=== Section Start ===
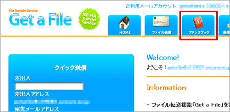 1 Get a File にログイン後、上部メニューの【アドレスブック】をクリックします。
=== Section End ===
=== Section Start ===
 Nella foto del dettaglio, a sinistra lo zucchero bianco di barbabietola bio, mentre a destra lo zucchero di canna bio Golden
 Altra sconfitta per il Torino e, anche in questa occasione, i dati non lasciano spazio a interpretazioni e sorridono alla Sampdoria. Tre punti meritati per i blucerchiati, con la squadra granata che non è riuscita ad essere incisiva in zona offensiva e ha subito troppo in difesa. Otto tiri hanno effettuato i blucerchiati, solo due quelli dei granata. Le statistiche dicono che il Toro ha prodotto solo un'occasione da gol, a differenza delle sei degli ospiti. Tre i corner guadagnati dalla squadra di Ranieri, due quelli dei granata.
=== Section End ===
=== Section Start ===
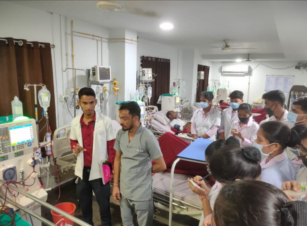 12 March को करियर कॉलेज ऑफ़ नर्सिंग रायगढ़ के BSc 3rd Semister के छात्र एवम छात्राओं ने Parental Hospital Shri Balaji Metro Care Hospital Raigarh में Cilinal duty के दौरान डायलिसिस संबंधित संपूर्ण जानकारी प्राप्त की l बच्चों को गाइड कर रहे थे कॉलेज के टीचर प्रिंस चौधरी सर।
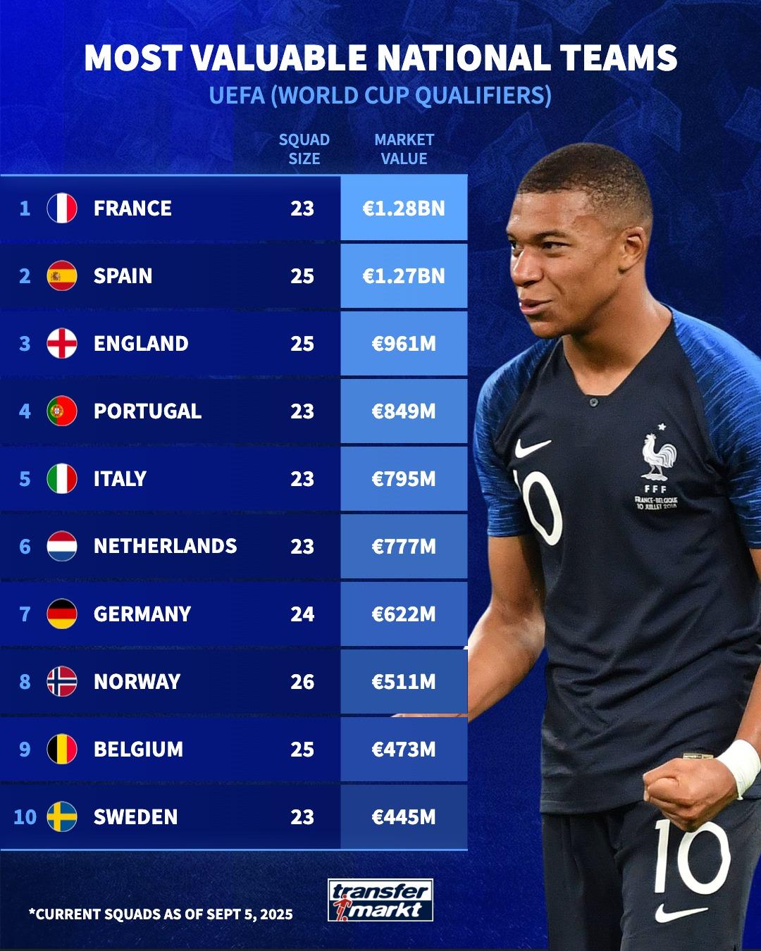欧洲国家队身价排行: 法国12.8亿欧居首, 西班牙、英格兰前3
=== Section End ===
Your goal: With the pictures omitted, print the lines above exactly, beginning at the line with "12 March को" and going on through the line with "欧洲国家队身价排行: 法国12.8亿欧居首, 西班牙、英格兰前3".

Output of the exercise:
 12 March को करियर कॉलेज ऑफ़ नर्सिंग रायगढ़ के BSc 3rd Semister के छात्र एवम छात्राओं ने Parental Hospital Shri Balaji Metro Care Hospital Raigarh में Cilinal duty के दौरान डायलिसिस संबंधित संपूर्ण जानकारी प्राप्त की l बच्चों को गाइड कर रहे थे कॉलेज के टीचर प्रिंस चौधरी सर।
欧洲国家队身价排行: 法国12.8亿欧居首, 西班牙、英格兰前3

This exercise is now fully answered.